I think I barely blinked as the question was asked.  “You mean my daughter?” I responded.  “Yes, ma’am,” she hesitated, “your daughter,” came the somber response from the doctor who stood before me.  She was flanked by two nurses, one holding a clipboard.  I looked anxiously at my husband and simultaneously, we answered, “Of course.  Yes. Yes.”

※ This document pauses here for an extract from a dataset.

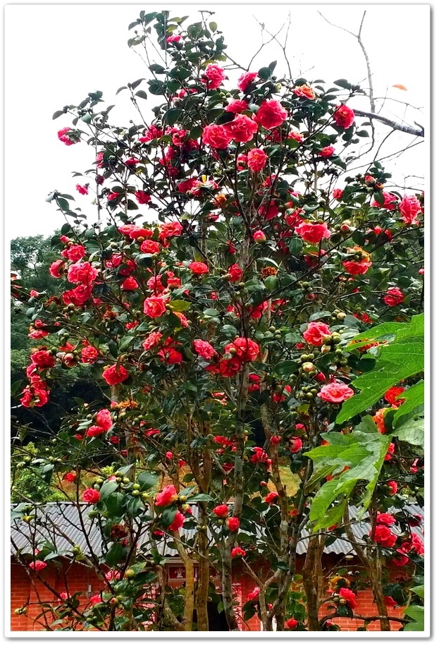 最後遊覽車停放在『鳳凰山農場民宿』下方的一處遊覽車停車場,我們在下車沿著山坡走上去農場民宿,民宿為一間三合院的建築,隱藏在青翠山林的山腰處,庭院前種滿各式花卉,像這株茶花正綻放著花朵迎接我們的到來
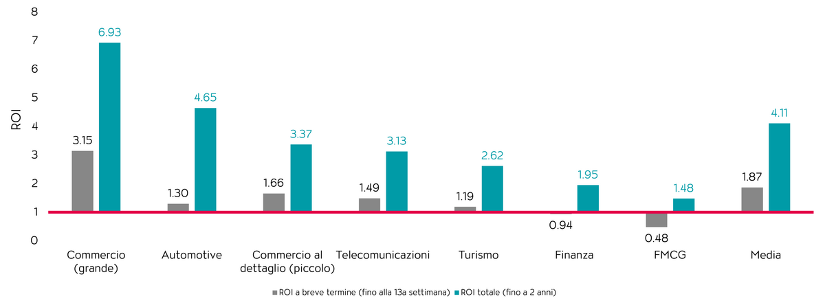 Secondo lo studio britannico, il Return on Investment (ROI) a breve termine fino alla 13ª settimana, calcolato tra i vari settori, è in media di £1.87, il che significa che ogni sterlina investita in pubblicità genera un utile di £1.87. Se lo si osserva sul lungo periodo, tenendo conto degli effetti a lungo termine, il ROI totale sale a £4.11. Ciò rispecchia l’intero volume dei profitti che si ottiene a lungo termine grazie alle iniziative pubblicitarie. Il risultato è un utile complessivo di £4,11 per ogni sterlina investita, a conferma dell’efficacia e della redditività della pubblicità a lungo termine.

As twenty-five years olds, we were both ill-prepared for a question of such magnitude.  I was 26 weeks pregnant with a two-year old at home.  Something had caused my white blood cell count to rapidly rise, risking my life and the life of my baby, my unborn daughter.  An emergency C-section was going to be taking place within an hour and these questions had to be asked.  The clipboard was left behind for our signatures and a psychologist stopped by for a brief consult.  Were we ready?  Of course, we were not. Did we want to call our clergyman?  We had already been shooting prayers heavenward.

A Miracle, Our Miracle

Our baby, our daughter was delivered weighing in at a whopping 2.5 pounds.  She was very sick, as was I.  But my five-day hospital stay was miniscule compared to her eighty-nine days.  Her lungs blew out three times and a brain bleed incredibly, miraculously disappeared by week two.   We, the parents, were lucky we didn’t know more about what was going on but as time went on and the weeks passed, we quickly became educated as to how much more could have gone wrong and just how lucky we were as we saw little ones like our daughter not survive.

She came home…

She eventually came home weighing 4lbs 14.5 ozs.  Renee “Nee-Nee” was tiny, but more than twice the size she was at birth.  No, we were not prepared.  Could we have ever been prepared for this?  Probably not. But the wisdom and experience gained are incomparable.  And I have often looked back twenty-four years and thought, how did I ever survive it?


Anything New Can be Scary

You will never go into any new position with any new company, start any new project with any new client, work with any new team without feeling ill-prepared, a little green, a little wet behind the ears.  But each time, you will perfect technique, learn a few tricks, and become better at your craft.  And the wisdom – oh, the wisdom you will gain.  The ability to read a voice, a pause, and mannerisms becomes more keen and directing a conversation becomes child’s play and, at the same time, precisely cutting – getting right to the point, the jugular.

The Lesson

Motherhood eventually got easier, as does my job, every day.  It got easier because I stopped thinking I knew what I was up against and quit letting myself relax into it.  I have learned that staying on my toes is easier than picking myself back up a hundred times.